Debian - SeasStarsRoses/IT GitHub Wiki

Table of Contents


1. Scanning

1.1 Scanner

1.1.1 Simple Scan

With Simple Scan you can scan several pages, crop them and save them as PDF. The tool is good for quick scans. Documents can be saved as PDF, JPF and PNG.

1.1.2 XSane Image Scanner

The XSane Image Scanner recommends to scan texts in their Scanning Tips with 300 DPI and Line Art. You can use it for texts with the following options:

  • Main screen
    • Number of pages to scan. Choose:
      • 1 for manual
      • n for Automatic Document Feeder (ADF)
    • Selects the scan source, such as document feeder: Choose Auto or ADF.
    • Browse for image filename: Choose this button to select a filename.
    • Target icon: Viewer. This will let you view the scanned image, turn it and save as PDF.
    • Type: Set PDF as default. When you are using PNG like Tesseract that set PNG.
    • Scan Mode: Lineart
    • Set Scan Resolution: 300
  • Settings: Choose a Directory Preferences ➡️ Save ➡️ Temporary Directory.
  • Viewer
    • Use the buttons to turn the image.
    • Save it as PDF using File ➡️ Save image.
    • Close Viewer to scan the next page.

1.1.3 Sane Command Line

With Sane it is possible to scan using scanimage commands:

  • Scan a page from manual tray in tiff format to the file output.tiff:
    • scanimage -x 210 -y 297 --mode Gray --resolution 300 --format png > outfile.png
    • Possible formats are e.g. png or tiff
    • Paper size A4 is 210 by 297 millimetres according to Wikipedia.
  • Available options: man scanimage

1.2 File concatenation and conversion

1.2.1 PNG

  • Concatenate two files input1.png and input2.png to a file output.png:
    convert input1.png input1.png -append output.png
  • Turn and Crop an image with the Shotwell viewer.

1.2.3 TXT

Concatenate the files input1.txt and input2.txt to the file output.txt:

cat input1.txt input2.txt > output.txt


1.3 OCR


Copyright: https://commons.wikimedia.org/wiki/File:TesseractLogo.png

1.3.1 Tesseract-ocr

Tesseract-ocr is an optical character recognition engine.
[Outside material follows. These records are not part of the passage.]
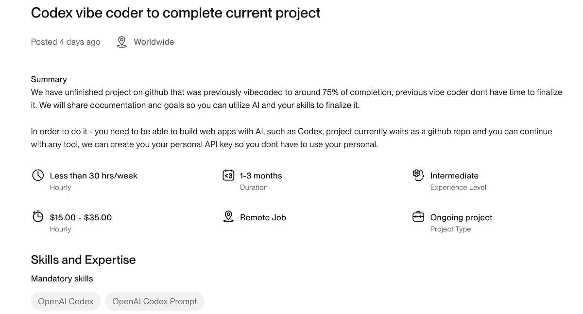 Вакансія абвяшчае: «У нас ёсць незавершаны праект на GitHub, які быў даведзены пры дапамозе вайб-кодынгу прыкладна да 75% гатоўнасці. У мінулага вайб-кодэра няма часу дарабіць яго. Мы прадаставім дакументацыю і мэты, каб вы маглі выкарыстоўваць ШІ і свае навыкі для завяршэння працы». Асабліва забаўна, што выканаўцу прапануюць стварыць персанальны API-ключ, каб той не марнаваў свой.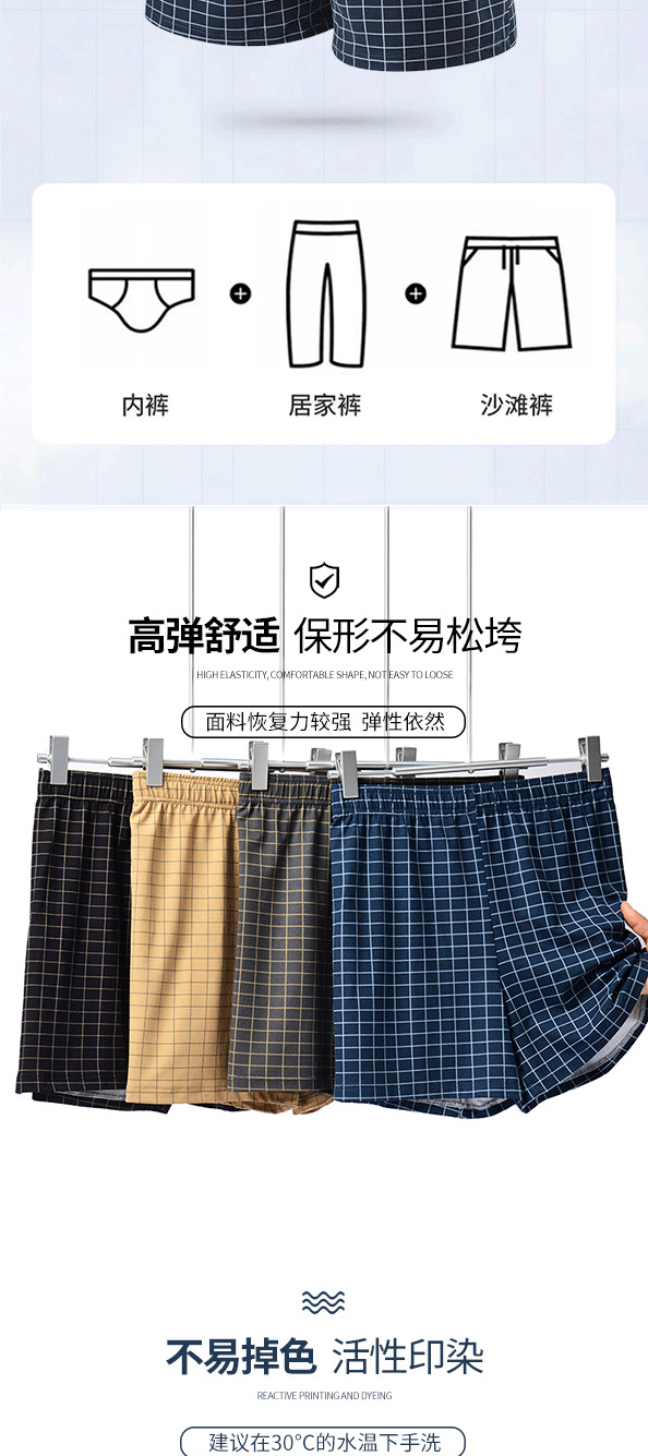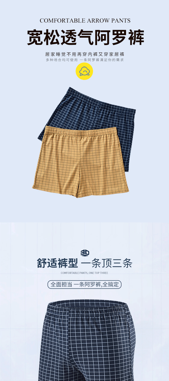 남성용 Arrow Pants 남성용 통기성 루즈 복서 팬티 남성용 니트 파자마 청소년 격자 무늬 복서 반바지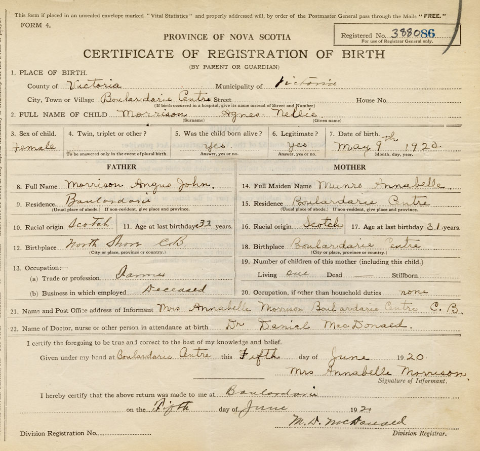 21. Name and Post Office address of Informant Mrs. Annabelle Morrison Boularderie Centre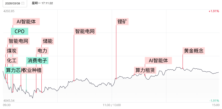 财联社3月9日电,三大指数集体调整,沪指跌超1%,创业板指、深成指半日跌超2%。沪深两市半日成交额1.79万亿,较上个交易日放量4031亿。盘面上热点较为杂乱,全市场超4500只个股下跌。从板块来看,电网设备概念逆势走强,国电南自、三变科技涨停,双双创历史新高。OpenClaw概念逆势上涨,优刻得20cm涨停,宁波建工2连板。油气股表现活跃,中国海油触及涨停。下跌方面,算力硬件概念集体下挫,罗博特科、光库科技、源杰科技大跌。截至收盘,沪指跌1.13%,深成指跌2.14%,创业板指跌2.42%。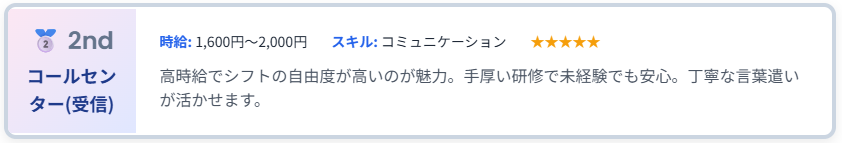 - コミュニケーション好きなら「コールセンター」:高時給でシフトも柔軟。丁寧な言葉遣いが活かせる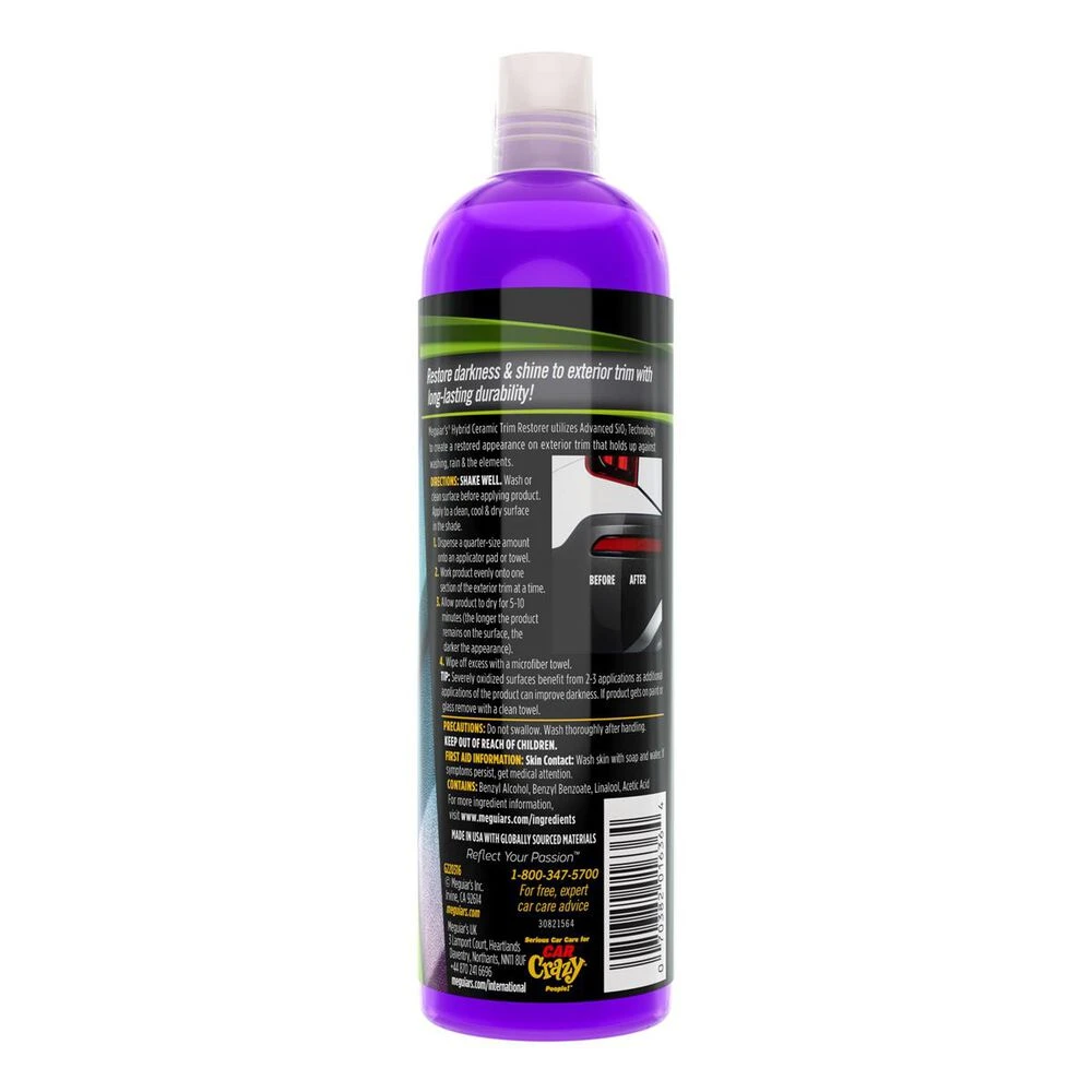 Meguiar’s Hybrid Ceramic Trim Restorer is an easy-to-apply solution to renew, revive and protect unpainted exterior trim. With hydrophobic protection delivered by its advanced SiO2 technology, Hybrid Ceramic Trim Restorer provides high resilience to washing, rain and the elements. Quickly and easily provide lasting protection for new trims, while bringing new life to all unpainted, exterior plastic, vinyl and rubber trims. The surfaces you can use Trim Restorer on can include bumpers, mouldings, door handles, rear view mirror housings and windshield cowlings. Restore faded looking exterior trims with a shine and durable richness that lasts.

It is free software, released under the Apache License, Version 2.0. For more informations see Wikipedia.
The Command-Line usage is described in GitHub.
To read the text from a file input.png to an output file output.txt use:
tesseract input.png output.
Language support:

1.3.2 Lios

  • Lios is a free and open source software for converting print into text using a scanner or camera. It can also produce text from other sources. Such as images, Pdf, or screenshot. Lios is released under GPL3 licence.
  • The official Debian packages include Lios. You do not need to install it via shell, there is a graphical way via Software.
  • Lios cannot read German Umlaute, so the German language has to be installed first to get better results.
  • Rectangles can be defined where the software is searching for text.
  • LIOS is using Tesseract-ocr as OCR engine.

1.3.3 gImageReader

1.4 Compression

Zip a directory mydir into a file myfile.zip:
zip -r myfiles.zip mydir


2. PDF

2.1 PDF Toolkit

2.2 PDFSAM

  • PDFSAM is an Open Source tool. It can split, merge, and rotate PDF files. It can create a content of table from the file names.
  • Installation
    • PDFSAM is included in the debian repositories, but in an old version.
    • Instruction for the newer version
    • Set the JAVA_HOME environment variable, to the JDK path, e.g.
      export JAVA_HOME="/usr/lib/jvm/java-1.8.0-openjdk-amd64"
    • Launch from command line with the command sudo pdfsam

2.3 PNG to PDF

Linuxquestions.org describes how to convert one or more png files to pdf:
convert input1.png input2.png output.pdf
The software GIMP (GNU Image Manipulation Program) can crop a png file and export the result as pdf by using the menu File ➡️ Export As.

2.4 Rotate

Document Viewer ist the Debian standard tool for viewing PDF files. It is possibe to turn PDF files horizontally and vertically with the menu option View Options and then Rotate Left and Rotate Right.

2.5 PDF Archive PDF/A

PDF/A is an ISO-standardized version of the Portable Document Format (PDF) specialized for use in the archiving and long-term preservation of electronic documents.

StackExchange discusses tools options of Converting PDF to PDF/A.

The PDF Asscociation runs a competence center about long-term archiving.

2.5.1 LibreOffice

LibreOffice can export files to PDF-A, for example in LibreOffice Writer choose the menu File ➡️ Export as PDF.... In the PDF Options Dialog choose the option Archive PDF/A-1a(ISO 19005-1).

2.5.2 Ghostscript

Ghostscript is an interpreter for the PostScript language and for PDF. Ghostscript is supplied as part of every major Linux distribution, e.g. Debian.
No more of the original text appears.